Yes, but only as an occasional treat, a few small bites once or twice a week at most. Fruit is high in sugar and often has a poor calcium to phosphorus ratio, so it should never replace leafy greens. Good choices include berries, melon, and small amounts of mango or papaya. Skip citrus and avocado, which can upset the gut or are toxic.
What can bearded dragons not eat?
Avoid avocado, rhubarb, and onion family plants, which are toxic. Skip iceberg lettuce and spinach as staples, since iceberg is nearly all water and spinach binds calcium. Do not feed fireflies or any wild-caught insects, which may carry pesticides or parasites. Insects larger than the space between your dragon's eyes risk impaction, so size feeders carefully.
How often should I feed my bearded dragon?
Babies eat insects two to three times a day, juveniles once or twice a day, and adults are fed insects only two to three times a week. Fresh greens are offered every single day at all ages. Always dust feeder insects with calcium powder and gut-load them first, so each meal delivers real nutrition rather than empty protein.

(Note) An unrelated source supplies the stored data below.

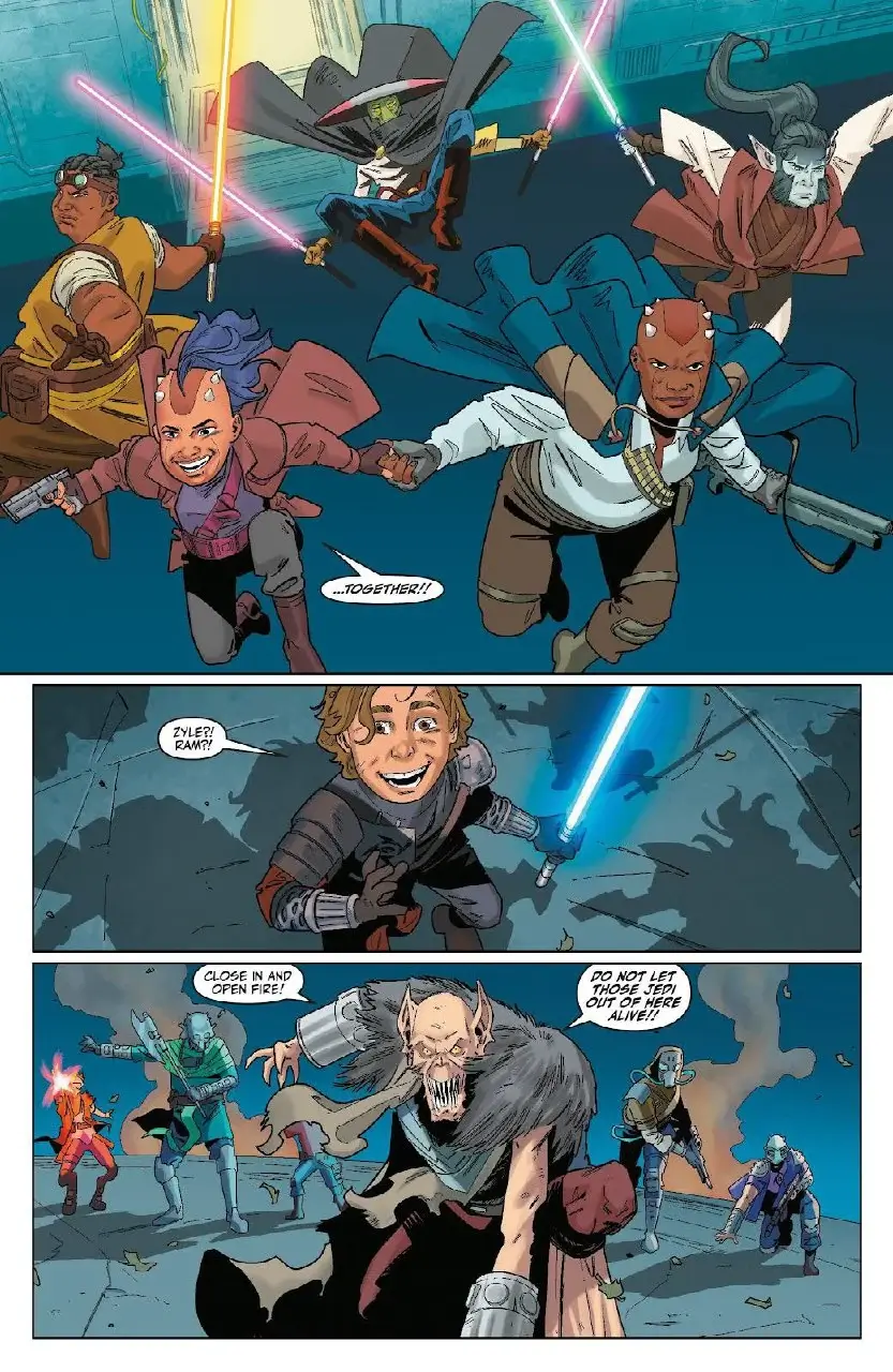 Per la gioia di Lula, tuttavia, anche il suo vecchio Maestro Jedi, Kantam Sy, personaggio che abbiamo potuto apprezzare soprattutto in Orizzonte di Mezzanotte, riuscirà a partecipare alle celebrazioni. Essendosi liberatə in tempo da una negoziazione su Ferrix.
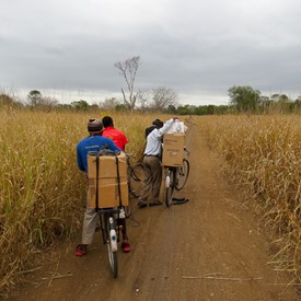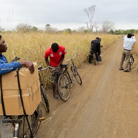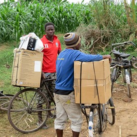The truck packed with precious cargo, I drove for about 160km from Blantyre-Malawi to a bordering town with Mozambique; the brothers came from the other side on their bicycles to welcome me. The package included a box of Chichewa Message books and tracts; I also borrowed a system for the tape meeting.
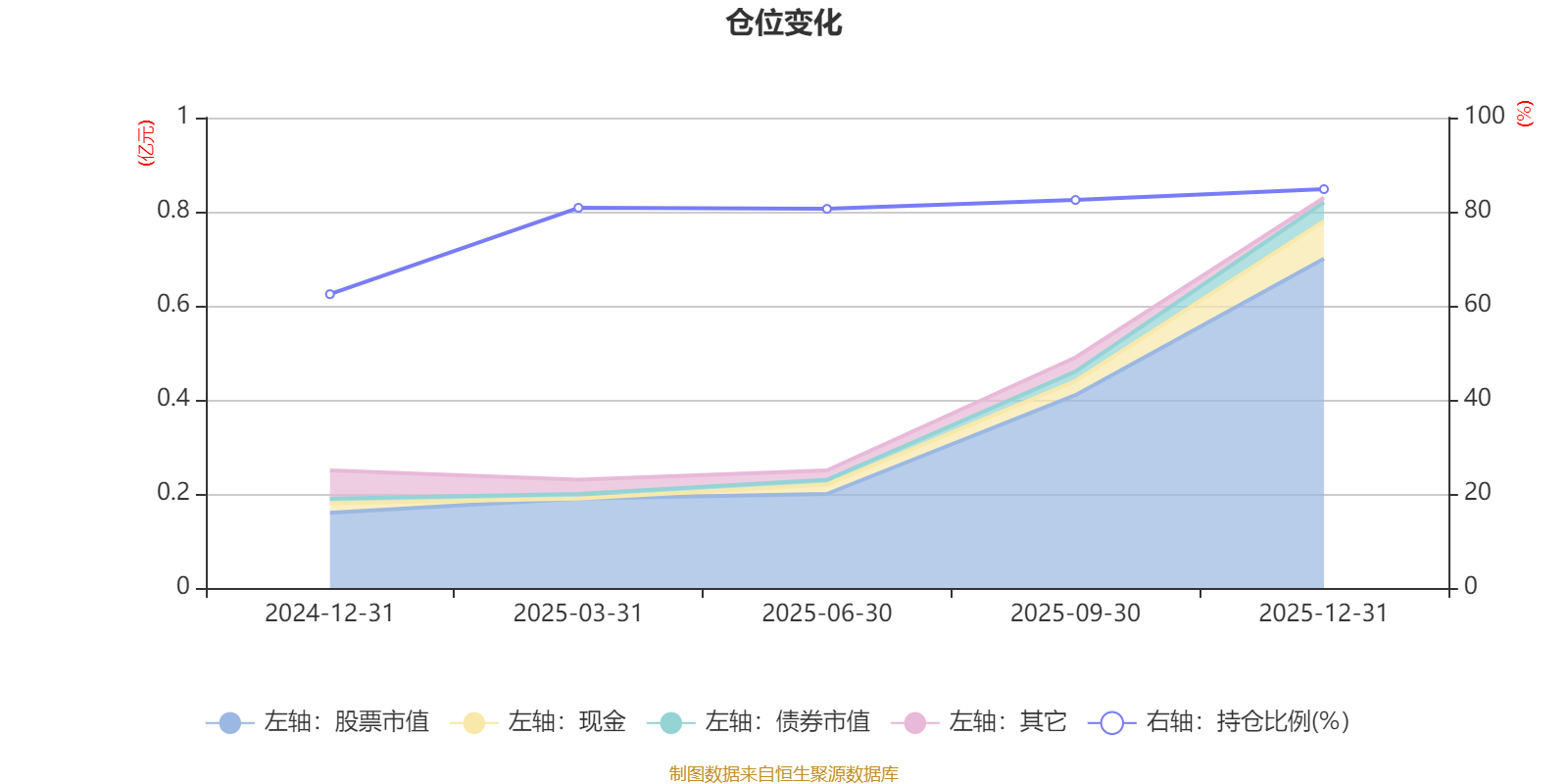 据定期报告数据统计,成立以来平均股票仓位为78.23%,同类平均为86.41%。2025年末基金达到84.79%的最高仓位,2024年末最低,为62.46%。
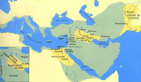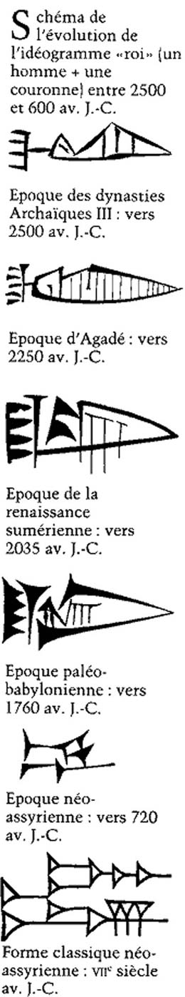 Les SUMERIENS et l'Ecriture cunéiforme (signes composés de coins, car tracés, au début, avec un stylet ou calame en roseau à pointe biseautée, sur des tablettes d'argile) Au départ, simples pictogrammes, puis, de plus en plus élaborés, idéogrammes, preuve de la démarche intellectuelle des hommes vers l'abstraction. ![]() |

Do bearded dragons need supplements?
Yes. Captive diets cannot match wild nutrition, so you dust feeder insects with a calcium supplement at nearly every insect feeding, and add a reptile multivitamin once or twice a week. Whether your calcium includes vitamin D3 depends on your UVB setup: with strong T5 HO UVB, use plain calcium most days; with weak or no UVB, you need calcium with D3 to prevent metabolic bone disease.